Python face question 2

Question one: What will be the output of the following code? Say your answer and explain.

class Parent(object):    x = 1class Child1(Parent): passclass Child2(Parent): passprint Parent.x, Child1.x, Child2.xChild1.x = 2print Parent.x, Child1.x, Child2.xParent.x = 3print Parent.x, Child1.x, Child2.x

Answer

The output of the above code is:

1 1 11 2 13 2 3

What makes you confused or surprised is that the output of the last line is 3 2 3 not 3 2 1 . Why does changing the value change Parent.x the value Child2.x , but the value does not change at the same time Child1.x ?

The key to this answer is that in Python, class variables are internally processed as dictionaries. If the name of a variable is not found in the dictionary of the current class, the ancestor class (such as the parent class) will be searched until the referenced variable name is found (if the referenced variable name is not found in its own class and not in the ancestor class, an exception is thrown AttributeError ).

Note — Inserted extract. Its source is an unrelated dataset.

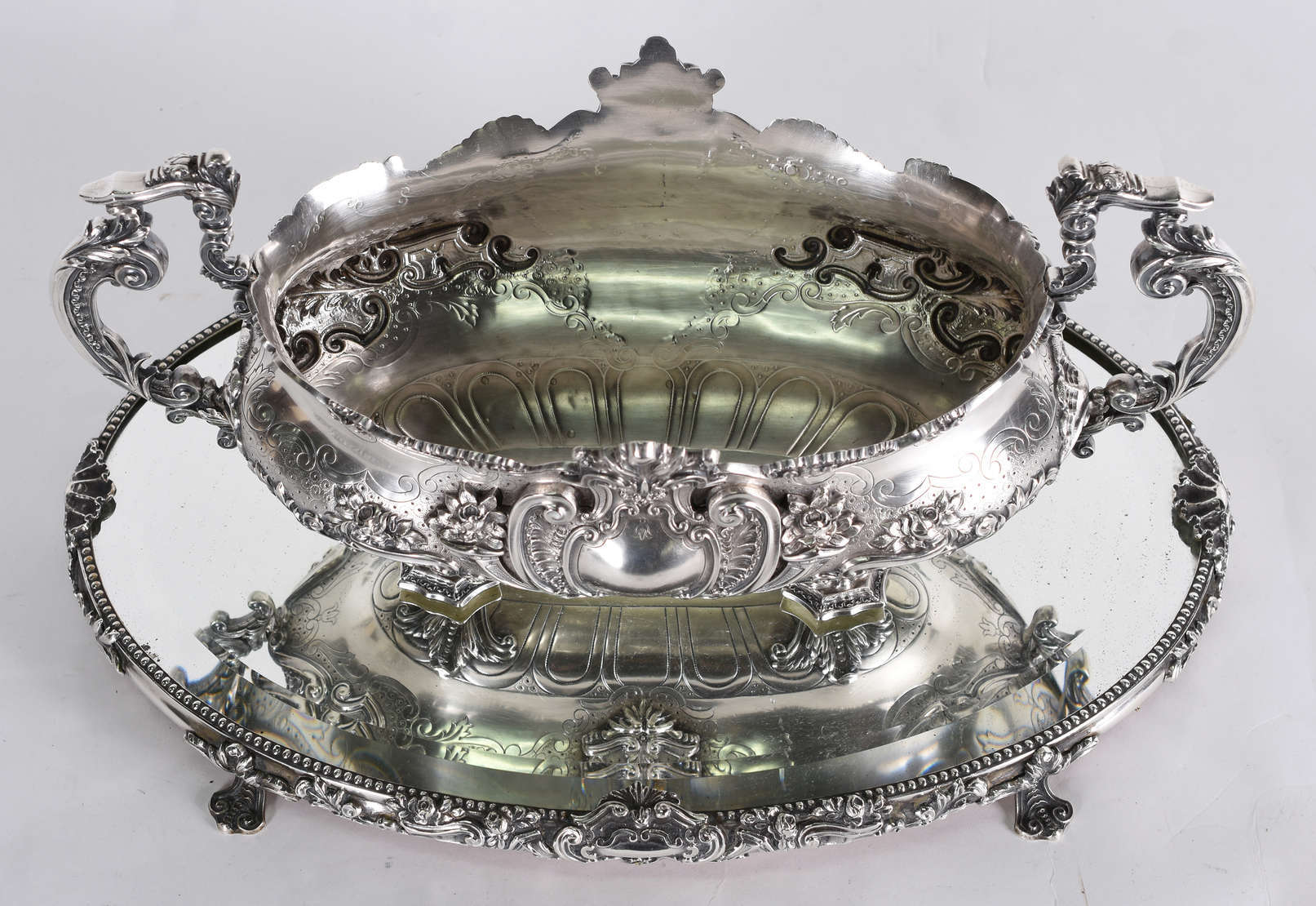 Espelho com moldura em madeira trabalhada .

Therefore, setting in the parent class causes the x = 1 class variable X to have a value of 1 in reference to the class and any of its subclasses. This is because the output of the first print statement is 1 1 1 .

Then, if any of its subclasses rewrite the value (for example, we execute the statement Child1.x = 2 ), then the value is changed only in the subclass. That's why print the output of the second statement is 1 2 1 .

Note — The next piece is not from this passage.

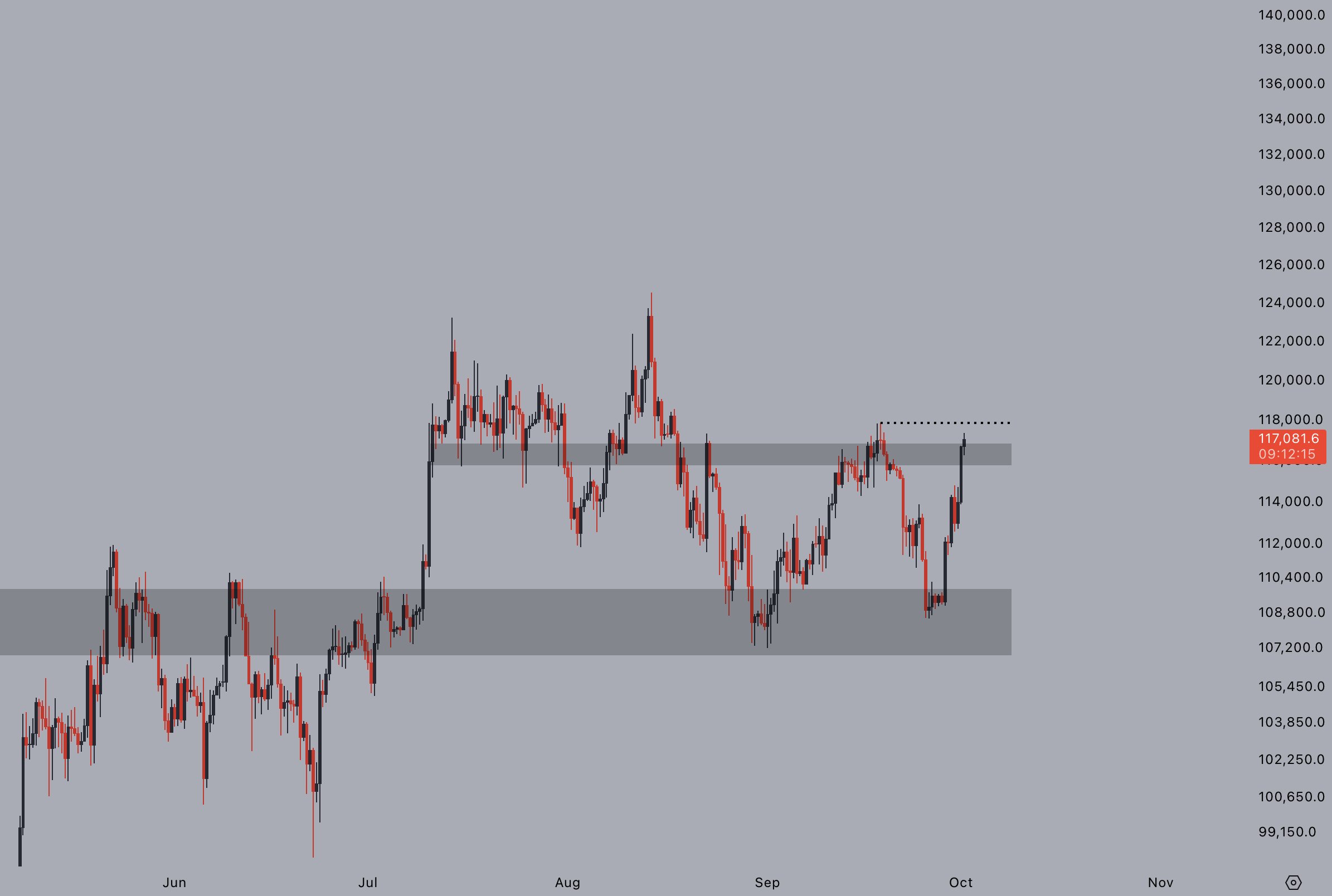 “Bitcoin is trying to breakout from its Monthly Range already on the first day of the new month of October,” popular trader and analyst Rekt Capital summarized in his latest commentary on X.

Finally, if the value is changed in the parent class (for example, we execute the statement Parent.x = 3 ), the change affects the value in any subclass that does not override the value (the subclass that is affected in this example is Child2 ). That's why the third print output is 3 2 3 .

Question two: What will the output of the following code be? Say your answer and explain?

def div1(x,y):    print("%s/%s = %s" % (x, y, x/y))def div2(x,y): print("%s//%s = %s" % (x, y, x//y))div1(5,2)div1(5.,2)div2(5,2)div2(5.,2.)

Answer

The answer actually depends on whether you're using Python 2 or Python 3.

In Python 3, the expected output is:

5/2 = 2.55.0/2 = 2.55//2 = 25.0//2.0 = 2.0

In Python 2, however, the output of the above code would be:

5/2 = 25.0/2 = 2.55//2 = 25.0//2.0 = 2.0

By default, if two operands are integers, Python 2 automatically performs an integer calculation. As a result, the value is 5/2 2 , however, 5./2 a value of ' 2.5 '.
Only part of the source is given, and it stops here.